# White Bass on Ice



## njsimonson

Earlier in the ice fishing season (which I am boycotting now due to three pitiful outings, and my lack of free time during my "break" from school) my friends reported C&Ring some nice silvers through the ice.

I know that catching white bass through the ice is hit-and-miss at best, but has anyone else had this experience this year? Has anyone landed any big ones anywhere? The silvers coming out of the holes on Ashtabula were not numerous, but were good-sized, like 15" or so.

Any luck elsewhere?

(Note: Silver bass is slang for white bass around the Valley City area.)


----------



## nodakoutdoors.com

Nick,

Come with us tomorrow...I think we can change your perspective on ice fishing.


----------



## njsimonson

Chris,

Yeah, part of the reason I can't do much ice fishing over my supposed "break" is because I've been covering a lot of my brother's shifts at the hotel he works at (he went to AZ to play golf), and waiting tables at the adjacent diner. Plus I've been working at the law firm and in municipal court, where I will be next week. But, the money makes up some for the lack of fishing.

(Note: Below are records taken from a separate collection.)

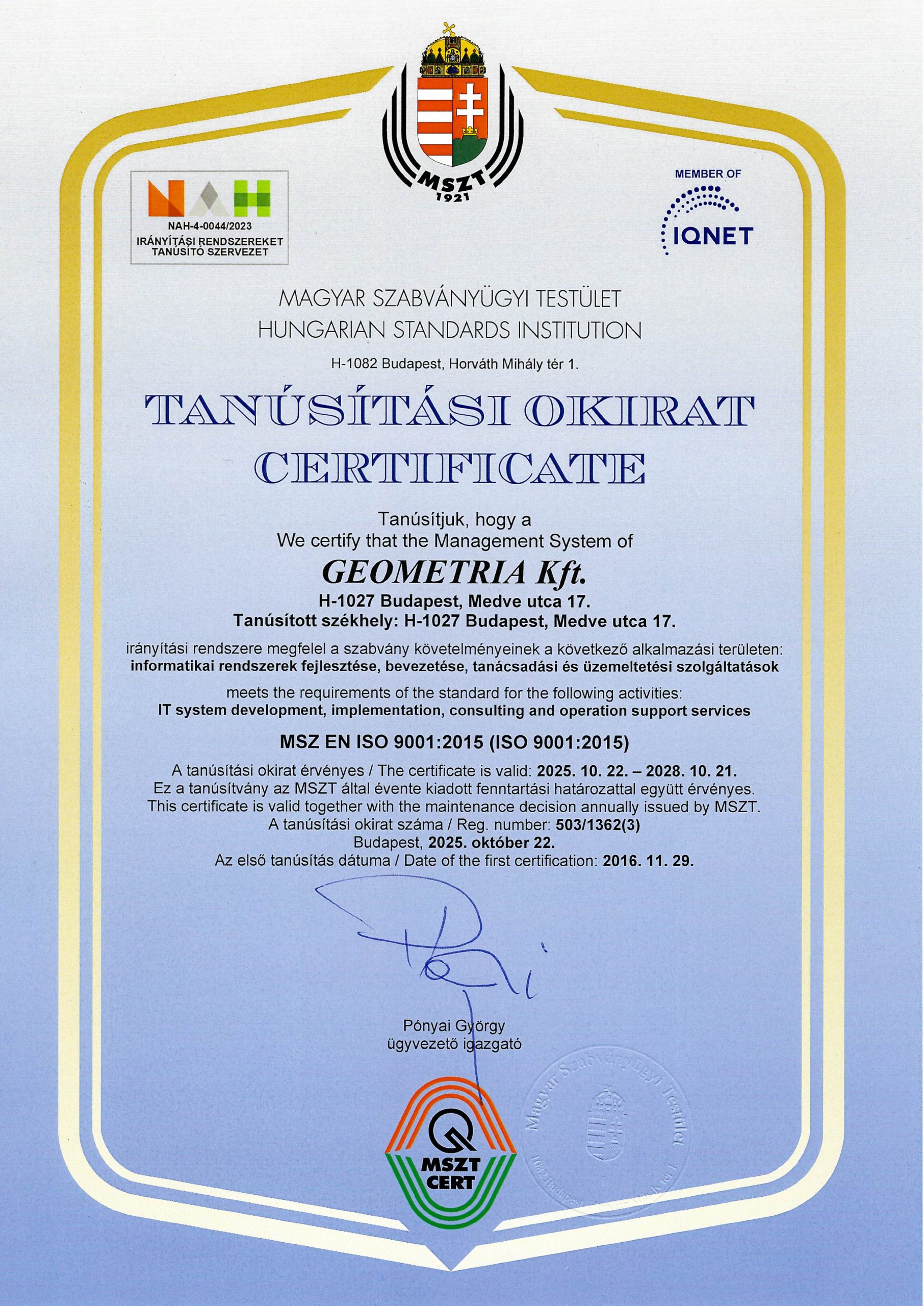 • ISO tanúsítványok
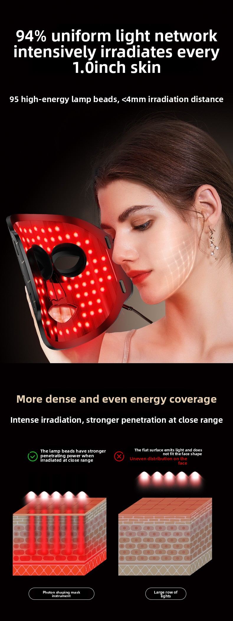 Unlike rigid, heavy plastic masks, our Ergo-Flex™ Silicone Design contours perfectly to your unique facial structure. This ensures every millimeter of your skin receives an equal dose of therapeutic light, maximizing absorption and results.
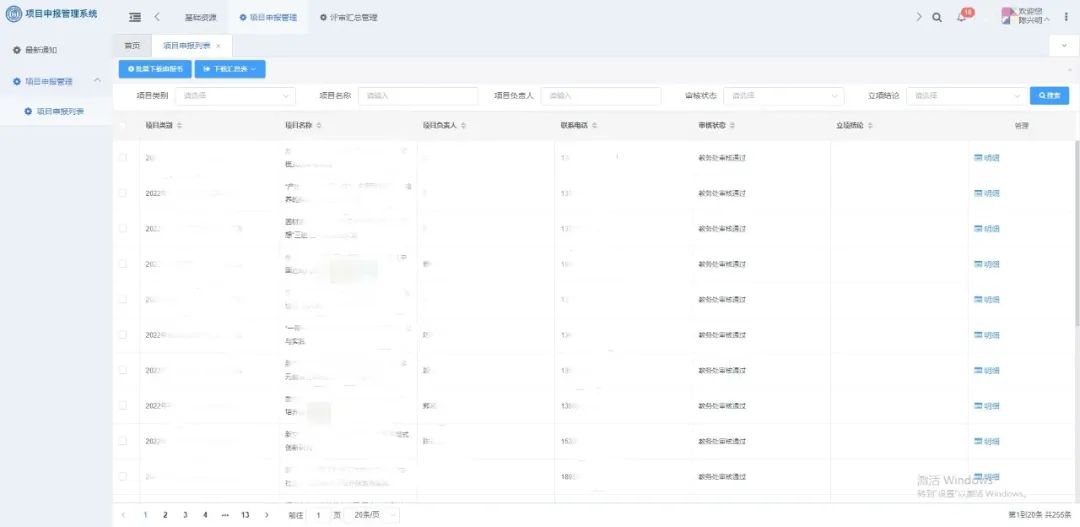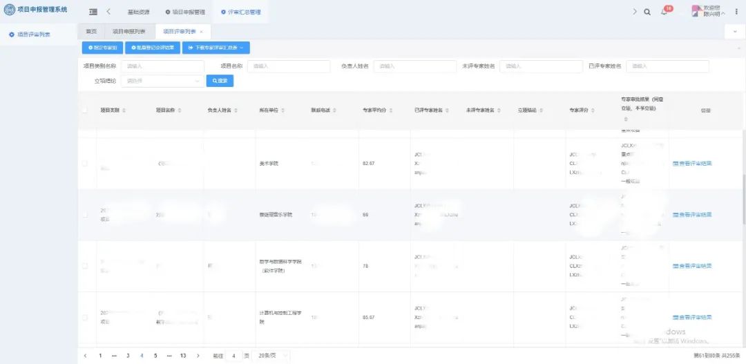 在2021年9月-12月期間的項目申報管理中,學校使用平臺累計完成了7大類項目申報、255條申報項目評審。
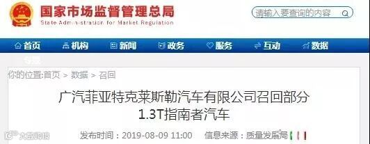 召回2019年2月28日至2019年7月25日期间生产的部分2019年款装备1.3T发动机的指南者汽车,共计9052辆。
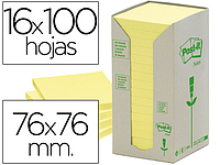 POST-IT - Torre notas adhesivas 16 blocs 100h Amarillo 76x76mm Reciclado (Ref.FT510110347)
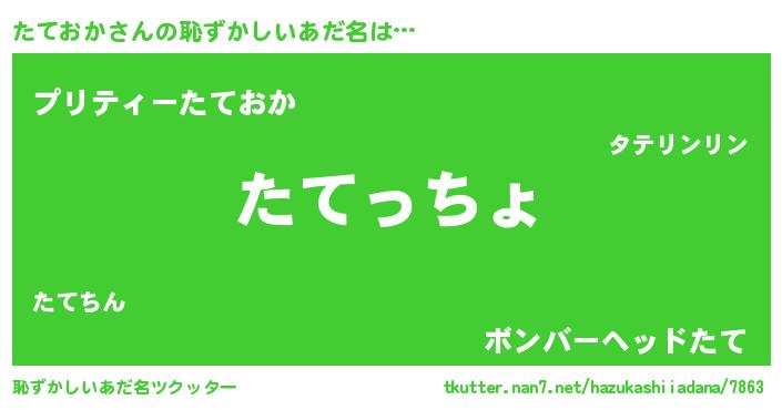 | 意味不明あだ名 | 『たておかフォーエバー』 |
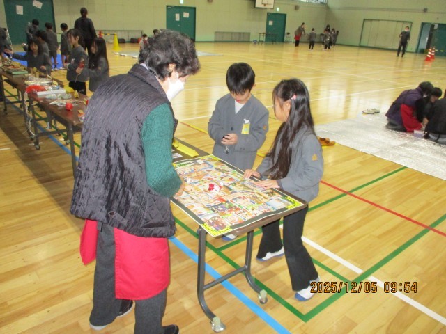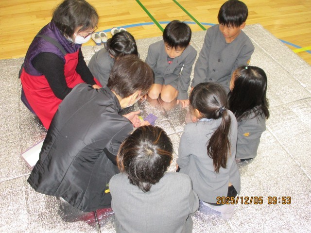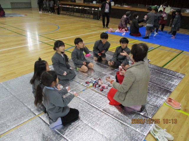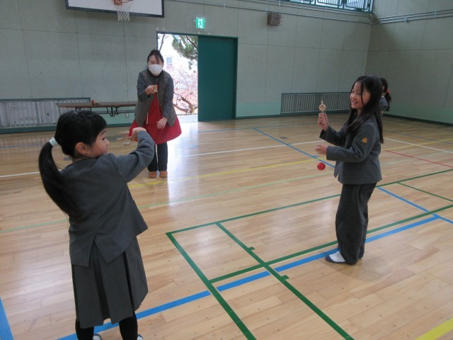 今日は、更生保護女性会のみなさんが昔遊びを教えに来てくれました。けん玉、お手玉、羽根つき、おひめさまめくりなどいろいろなブースをグループに分かれ、回って教えてもらいました。子どもたちは、初めて知った遊びもあったらしく、「これもっとしたい!」ととても楽しそうでした。

Maybe I'll get out to Devils Lake next weekend, and try some there when I head back to school. I'm sure you'd get me fired up again. I'd like to try the Pipe with you guys sometime.

Tight lines!


----------



## rockinmichigan

I was going to start a new thread about white bass but I think I'll just jump in this thread and ask away. Okay guys, I got a situation for you guys, and let me know if this sounds normal to you on white bass. Last year I fished as typical from spring to fall, and I'd say specifically from May to September I had quite a bit of luck with catching white bass. Here's the weird thing, or at least I think its wierd, I was targetting catfish and bullheads, fishing from shore, casting about 70 yards out, and I'm guessing about 15 or 20 foot of water. Fishing for cats and bullies I was fishing at night and from the bottom. My question is this, do schools of white bass usually hang out that low or is that just right for them, and do they usually hang out that far from the top no matter how shallow or deep the water is?


----------



## njsimonson

Almost all the white bass I have ever caught have come within 5 feet of the surface. I pick the occasional silver up when trolling, but those are usually younger fish and not very big.

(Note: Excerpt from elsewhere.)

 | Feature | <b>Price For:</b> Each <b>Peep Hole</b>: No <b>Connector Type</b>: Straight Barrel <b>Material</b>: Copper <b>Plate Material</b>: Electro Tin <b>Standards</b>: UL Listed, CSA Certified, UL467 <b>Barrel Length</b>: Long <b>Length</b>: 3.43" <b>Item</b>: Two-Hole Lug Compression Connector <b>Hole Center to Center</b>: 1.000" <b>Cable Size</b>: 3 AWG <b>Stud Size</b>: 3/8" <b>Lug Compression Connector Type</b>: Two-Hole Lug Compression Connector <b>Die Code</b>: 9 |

I have never experienced much of a night bite for silvers, most of the time it was a nice 2 hour window, from just before sundown until night set in, then they were gone.

I had one incredible summer on Ashtabula, where me, my dad, my brother or me or some buddies would go out and just catch and release 'em by the hundreds in an hour or so. Also did well below Baldhill Dam back in the day, but...those days are gone now.


----------



## WhakGreenie03

i ended up catching a whopper white bass out of there. It was 3lbs 10 oz. i didnt even know that it was a whopper till i came home and looked it up. Caught that at sunstroms followed by 6 nice walleyes and a couple snot rockets. All at sundown on christmas break


----------



## rockinmichigan

Do you guys happen to know what the state record there in North Dakota is? I'll have to look it up for Michigan. I read online somewhere that they can get up to a foot and a half long, which I thought was unbelievable because most of the bigger ones I've caught were in the 6-8 inch range. I do like catching them though, they definately tug on the line pretty good.


----------



## njsimonson

Rock -

Oh yeah, they get that big. I've caught lots of them in the 14-18" range.

State Record is 4 lbs. 8 oz, takes a 3-pounder to get in the whopper club.


----------



## rockinmichigan

To be honest, I think at first glance that sheephead and white bass look alike. Takes me a second look sometimes to tell the difference. Not too hard to tell, sometimes first glance tells me its a sheephead but its really a white bass. I've caught so many sheephead over the years, and a ton of white bass the last couple years, you'd think I could tell the difference right off the crack of the bat, with the hump on the sheephead's back and the sharper dorsal fin on a white bass.


----------